> **Task objective**
Could you retype the lines below, starting at the line holding "After you deploy" and stopping at the line holding "RELLINGEN. Der alte", inclusive? Copy them exactly and drop the images.

> **Recorded data**
____________

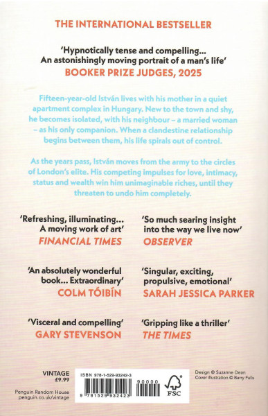 Fifteen-year-old István lives with his mother in a quiet apartment complex in Hungary. New to the town and shy, he becomes isolated, with his neighbour – a married woman – as his only companion. When a clandestine relationship begins between them, his life spirals out of control.As the years pass, István moves from the army to the circles of London’s elite. His competing impulses for love, intimacy, status and wealth win him unimaginable riches, until they threaten to undo him completely.
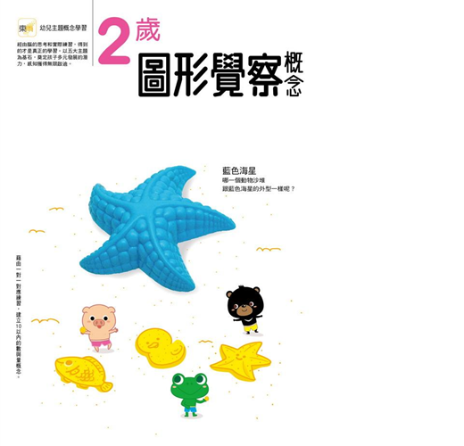 圖形概念包含了:基本平面圖形、基本立體圖形、空間位置、圖案組成等。此套練習本適齡、多元的設計了圖形辨識、配對、組合等,與圖形概念相關的題型,讓孩子經由練習、思考過程中,逐漸建立由具體→抽象;立體→平面的圖形思維能力。
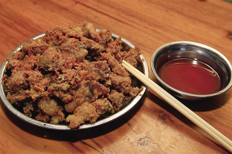 不到6点,渔村炸鸡店的桌子就已经被占满,客人们一人倒上一小碗店家自酿的食醋,焦急等待着店老板把腌制了一天的鸡块放入油锅,在油锅“嗞嗞”的翻滚中,鸡块由肉色变成金黄,老板把鸡块捞出、分盘,再送到每张桌上。
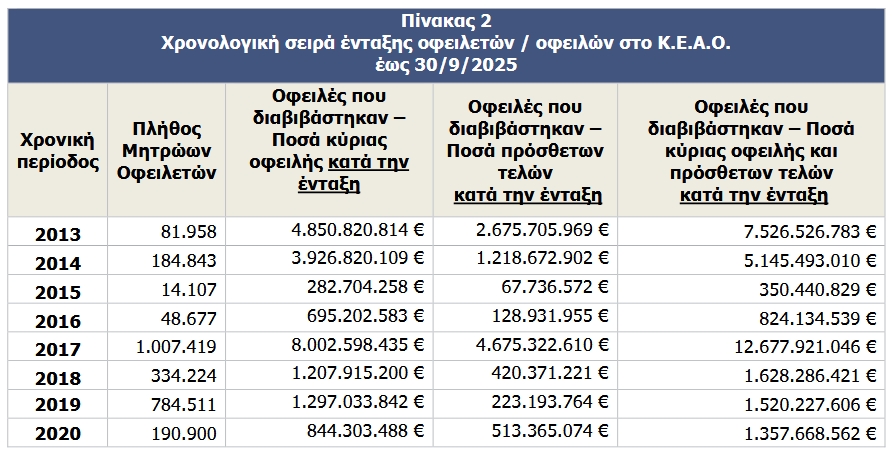 Στο τέλος του Σεπτεμβρίου 2025 το συνολικό ποσό των 32.333.452.811 € σε οφειλές (22.182.687.799 € κύρια οφειλή και 10.150.765.013 € πρόσθετα τέλη) που έχουν ενταχθεί στο Κ.Ε.Α.Ο. διαμορφώθηκε στα 50.682.612.587 € (τρέχον υπόλοιπο, εκ των οποίων 29.843.270.715 € κύρια οφειλή και 20.839.341.872 € πρόσθετα τέλη).
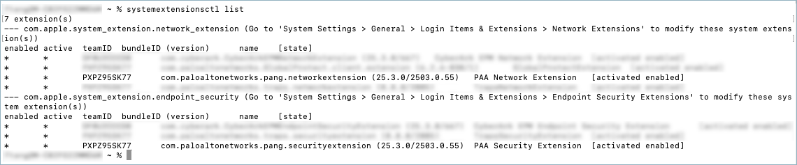 After you deploy the agent, you can run the systemextensionsctl list command on an endpoint to verify that the extensions have been loaded. For example:
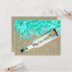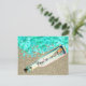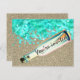 Ocean water waves washing a message in a bottle onto the sparkly sand beach shoreline. The water is carribean turquoise and the sand is a glitter look gold. Personalization is optional.
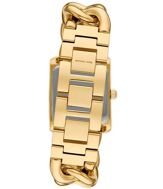 From Michael Kors, the Women's Emery Cheetah Three-Hand Dial Gold Tone Stainless Steel Bracelet Watch features:
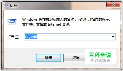 点击 “开始”-> “运行”,输入“regedit”,回车;如下图所示。
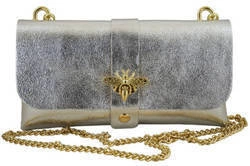 Skórzana kopertówka damska na łańcuszku srebrna metalizowana - Barberini's 958/1-16
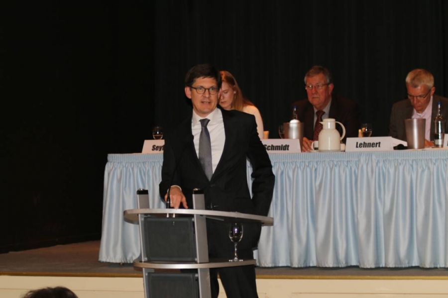 RELLINGEN. Der alte Kreisvorsitzende der CDU ist auch der neue: Dr. Ole Schröder wurde gestern auf dem CDU-Kreisparteitag im Rellinger Hof mit 97% in seinem Amt als Kreisvorsiteznder bestätigt. In seiner Rede ging der Bundestagsabgeordnete und Staatssekretär im Bundesinnenminsterium vor allem auf das Thema Asyl und Flüchtlinge ein und sparte nicht mit kritik an der immer noch schleppenden Weiterleitung der Hilfen des Bundes, die von der Kieler Landesregierung nur zögerlich und unvollständig an die Kommunen durchgereicht werden.
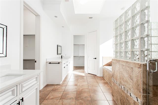Located just feet from the Hutton Branch trail, this property has incredible walking distance access to Josey Ranch Park Sports Complex and Lake, Carrollton Public Library, Jimmy Porter Park, and Maridoe Golf Club. The property has been well updated with gorgeous hardwood floors, custom kitchen cabinets, stainless appliances, and a gas fireplace to keep warm this winter! The renovated, open, gourmet-style kitchen has glass blocks, kitchen island, many cabinets, granite countertops and stainless appliances -- and it opens to great room & breakfast room. There are park views from the master bedroom, living area, kitchen and breakfast room, plus tile and marble floors in kitchen and bathrooms. The home's large primary suite has high ceilings, a sitting area, large walk-in shower, garden tub and large his & hers closets. Enjoy the outdoors on a large covered back porch, and a large private fenced yard. Tenant pays all utilities.

____________

> **Task answer**
 After you deploy the agent, you can run the systemextensionsctl list command on an endpoint to verify that the extensions have been loaded. For example:
 Ocean water waves washing a message in a bottle onto the sparkly sand beach shoreline. The water is carribean turquoise and the sand is a glitter look gold. Personalization is optional.
 From Michael Kors, the Women's Emery Cheetah Three-Hand Dial Gold Tone Stainless Steel Bracelet Watch features:
 点击 “开始”-> “运行”,输入“regedit”,回车;如下图所示。
 Skórzana kopertówka damska na łańcuszku srebrna metalizowana - Barberini's 958/1-16
 RELLINGEN. Der alte Kreisvorsitzende der CDU ist auch der neue: Dr. Ole Schröder wurde gestern auf dem CDU-Kreisparteitag im Rellinger Hof mit 97% in seinem Amt als Kreisvorsiteznder bestätigt. In seiner Rede ging der Bundestagsabgeordnete und Staatssekretär im Bundesinnenminsterium vor allem auf das Thema Asyl und Flüchtlinge ein und sparte nicht mit kritik an der immer noch schleppenden Weiterleitung der Hilfen des Bundes, die von der Kieler Landesregierung nur zögerlich und unvollständig an die Kommunen durchgereicht werden.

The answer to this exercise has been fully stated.